_Task objective_
From the first line of the data below through the line bearing "Die mattschwarze Silikon-Handyhülle", reproduce each line exactly; do not include pictures.

[Items listed in a dataset]
━━━━

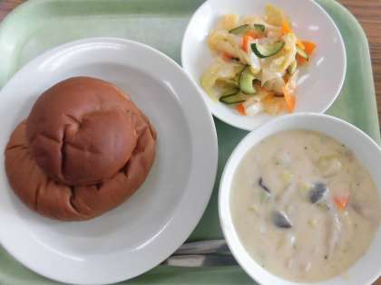 今日の給食は、ココアパン・牛乳・さつま芋シチュー・イタリアンサラダです。
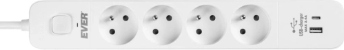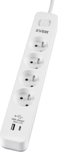 Bescherm je huishouden en kantoor met de overspanningsstekkerdoos EVER Protect met vier geaarde uitgangen en twee USB‑poorten (USB‑A + USB‑C). Dankzij de geïntegreerde snellader met een vermogen tot 3,4 A laad je eenvoudig smartphones, tablets en smartwatches op. Voor veilig gebruik zorgen de overspanningsbeveiliging, kinderbeveiliging, tweepolige schakelaar en LED‑indicator van de status van de beveiliging.
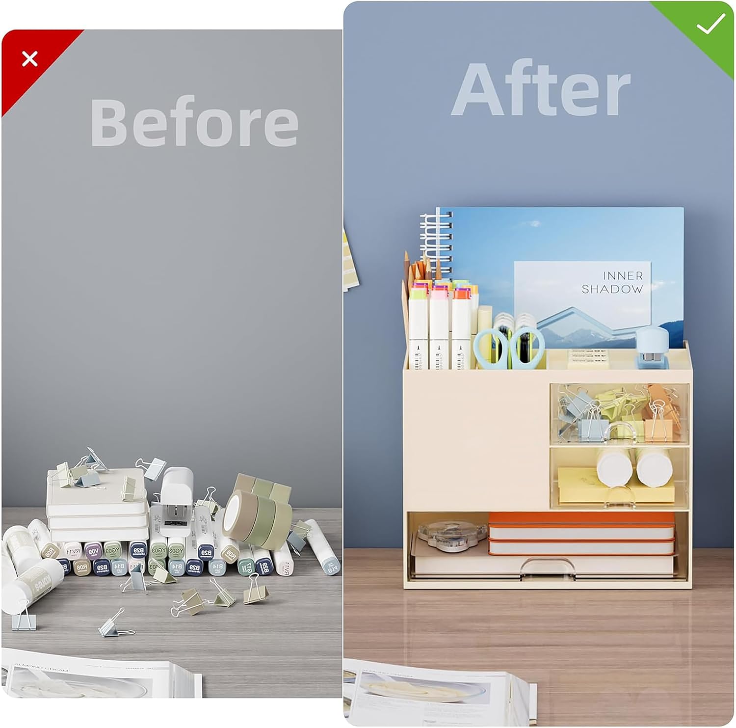 - ⏰ SAVE TIME WITH SEAMLESS ACCESS: Stop wasting precious minutes searching for lost pens or highlighters! The vertical design and transparent drawers ensure everything is visible and within arm's reach. This Multi-Functional system lets you quickly access small items like paper clips and flash drives, maximizing your efficiency and time management during exams or deadlines.
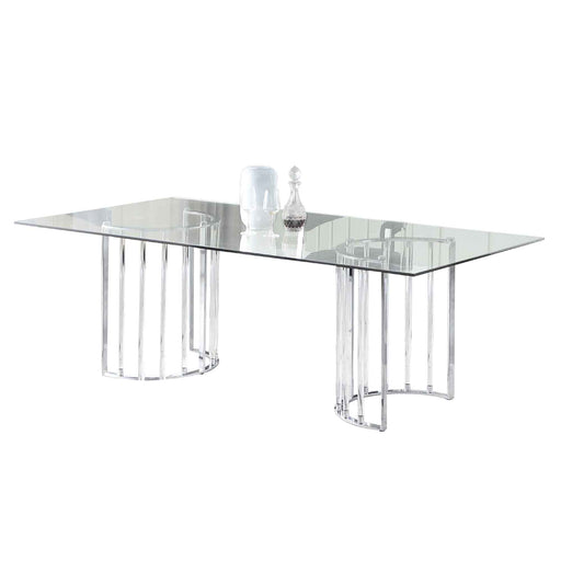 Original price $2,184.80Original price $2,184.80 - Original price $2,184.80Original price $2,184.80Current price $1,201.64$1,201.64 - $1,201.64Current price $1,201.64Chintaly TRISHA 36"x 60" Glass Top Dining Table w/ Steel & Acrylic Base Clear,Clear / Chrome
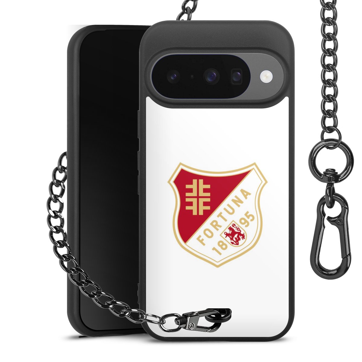 Die mattschwarze Silikon-Handyhülle besteht aus robustem TPU (thermoplastisches Polyurethan). Sie ist flexibel und schützt Dein Smartphone vor Stößen und Kratzern. Die Kette sowie der Karabinerhaken sind aus Metall in Gunmetal-Optik gefertigt. Für dieses Produkt kommen ausschließlich TÜV-geprüfte Materialien zum Einsatz.
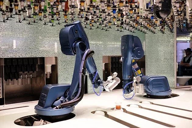 机器人在 量子号游轮 的仿生酒吧为客人准备饮品摄影:西蒙·道森/彭博社
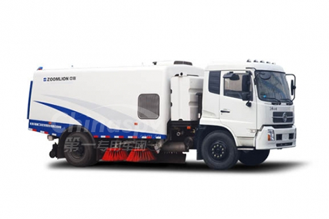 采用“中置四盤刷——后置吸嘴,并在吸嘴內設置短臥掃和反吹風”的掃、吸工作裝置總體結構布置方式,具有清掃寬度大、清掃速度高、吸入粒度大、掃凈度高、掃刷更換方便、作業(yè)油耗低、使用成本低、作業(yè)效率高、整車通過性能好等優(yōu)點。
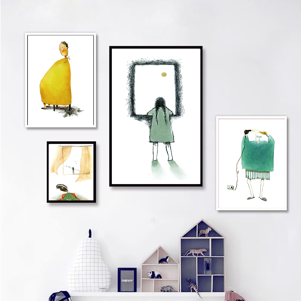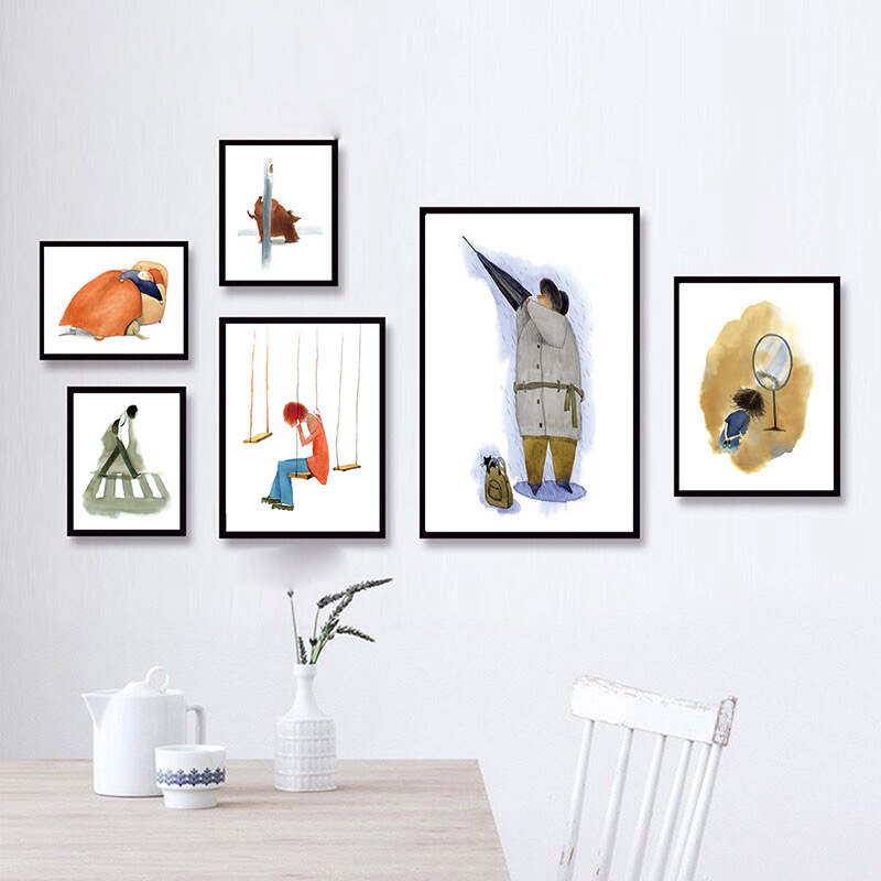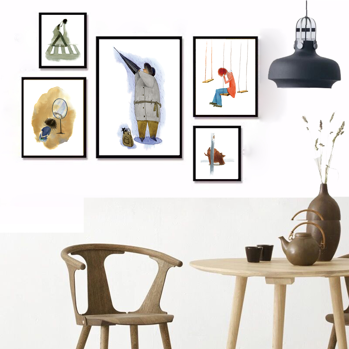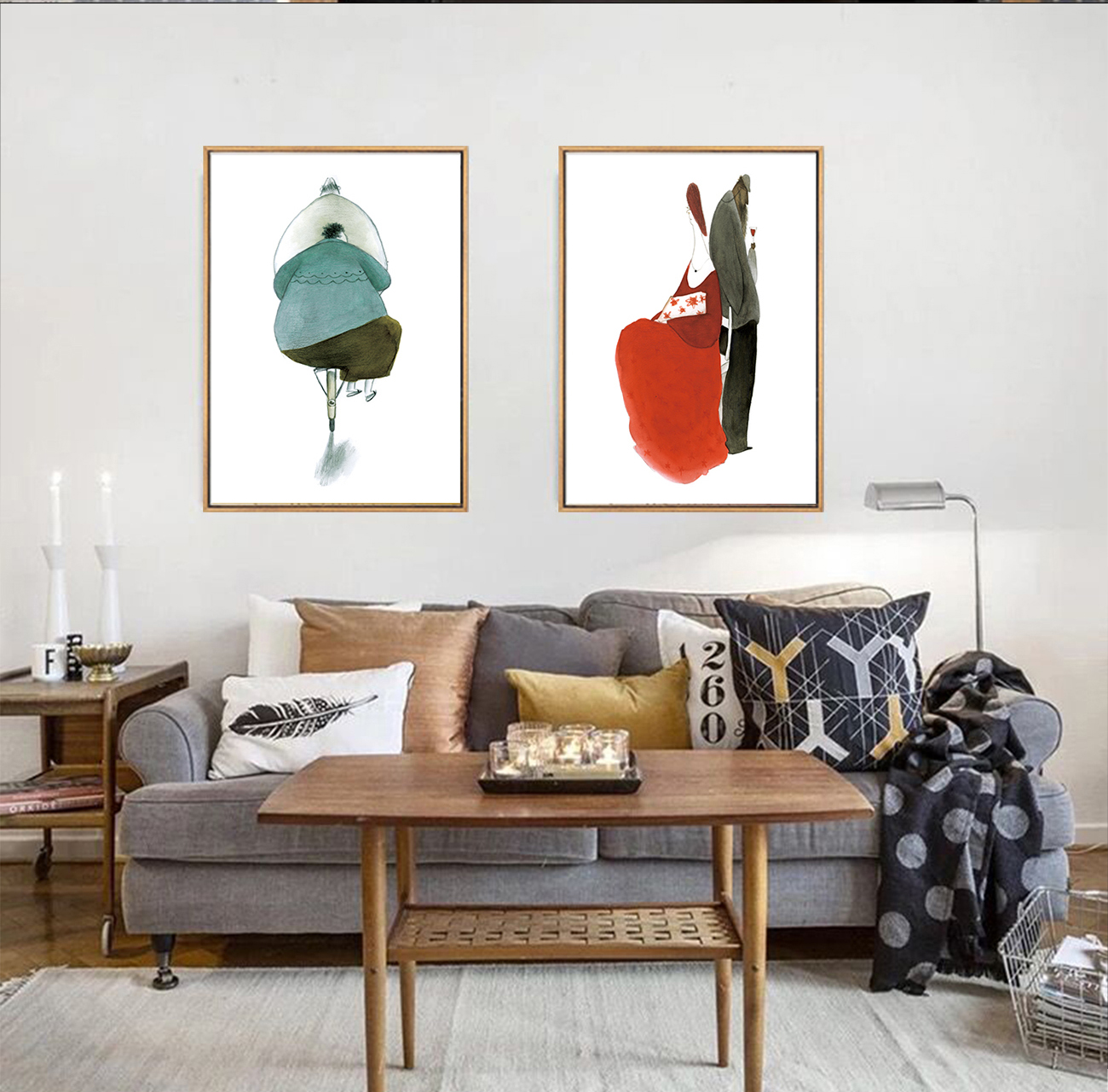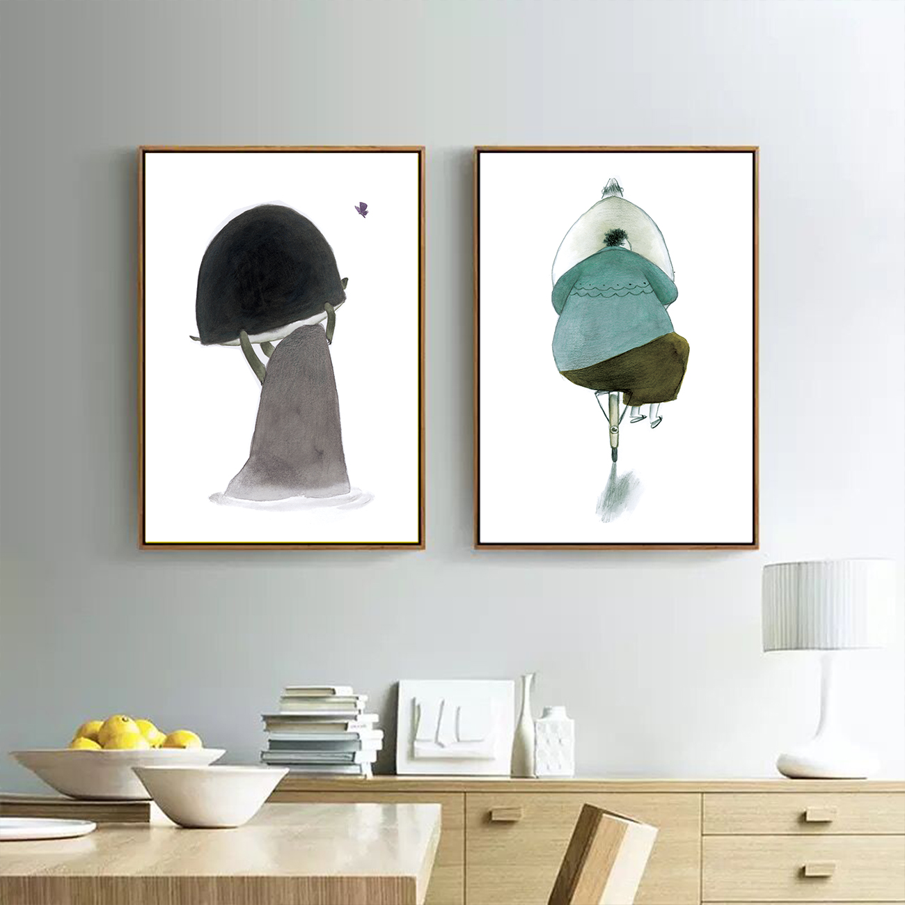 北欧可爱风手绘人物动物插画餐客厅儿童房装饰画素材高清图库
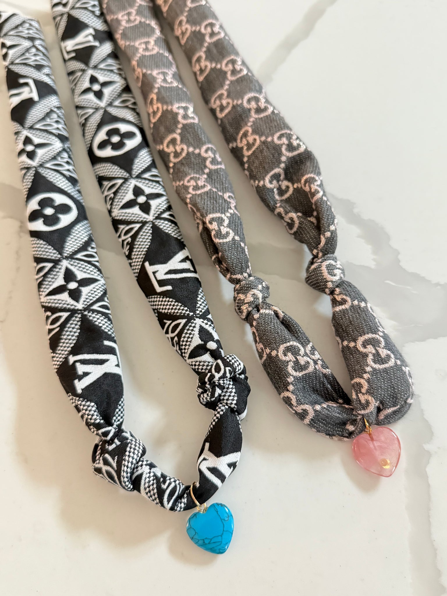Repurposed adjustable scarf necklace with rose quartz heart charm.
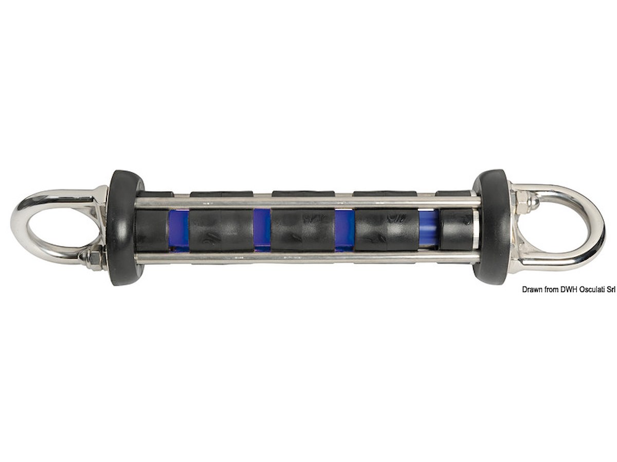 Per barche da tonnellate: 9-13 peso : 2,3 Carico di rottura kg: 15.000 Corsa mm: 120 Capacità elastica kg: 250
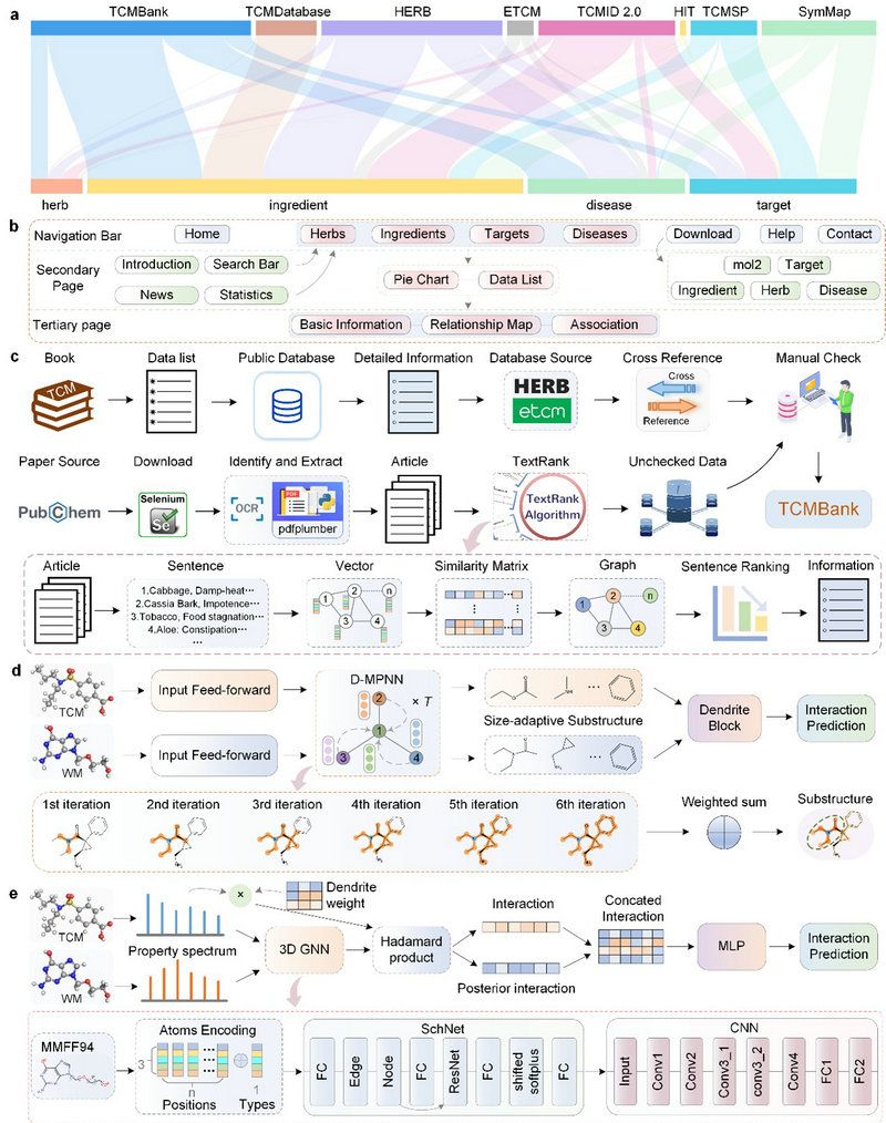 2023年,中山大學(xué)智能工程學(xué)院陳語(yǔ)謙教授團(tuán)隊(duì)在Signal Transduction and Targeted Therapy (影響因子39.3) 期刊發(fā)表了題目為“TCMBank-the largest TCM database provides deep learning-based Chinese-Western medicine exclusion prediction”的論文。該研究建立了中醫(yī)藥數(shù)據(jù)庫(kù)TCMBank(https://TCMBank.CN/),該數(shù)據(jù)庫(kù)提供了9192種草藥,61,966種成分,15,179個(gè)靶標(biāo),32,529種疾病,及其它們之間的關(guān)聯(lián)信息。
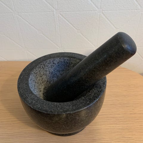 Solid morter, lite brukt, kun til krydder og urter. 11 cm høy, indre diameter 11,5 cm, ytre diameter 16 cm.

━━━━

_Output below_
 今日の給食は、ココアパン・牛乳・さつま芋シチュー・イタリアンサラダです。
 Bescherm je huishouden en kantoor met de overspanningsstekkerdoos EVER Protect met vier geaarde uitgangen en twee USB‑poorten (USB‑A + USB‑C). Dankzij de geïntegreerde snellader met een vermogen tot 3,4 A laad je eenvoudig smartphones, tablets en smartwatches op. Voor veilig gebruik zorgen de overspanningsbeveiliging, kinderbeveiliging, tweepolige schakelaar en LED‑indicator van de status van de beveiliging.
 - ⏰ SAVE TIME WITH SEAMLESS ACCESS: Stop wasting precious minutes searching for lost pens or highlighters! The vertical design and transparent drawers ensure everything is visible and within arm's reach. This Multi-Functional system lets you quickly access small items like paper clips and flash drives, maximizing your efficiency and time management during exams or deadlines.
 Original price $2,184.80Original price $2,184.80 - Original price $2,184.80Original price $2,184.80Current price $1,201.64$1,201.64 - $1,201.64Current price $1,201.64Chintaly TRISHA 36"x 60" Glass Top Dining Table w/ Steel & Acrylic Base Clear,Clear / Chrome
 Die mattschwarze Silikon-Handyhülle besteht aus robustem TPU (thermoplastisches Polyurethan). Sie ist flexibel und schützt Dein Smartphone vor Stößen und Kratzern. Die Kette sowie der Karabinerhaken sind aus Metall in Gunmetal-Optik gefertigt. Für dieses Produkt kommen ausschließlich TÜV-geprüfte Materialien zum Einsatz.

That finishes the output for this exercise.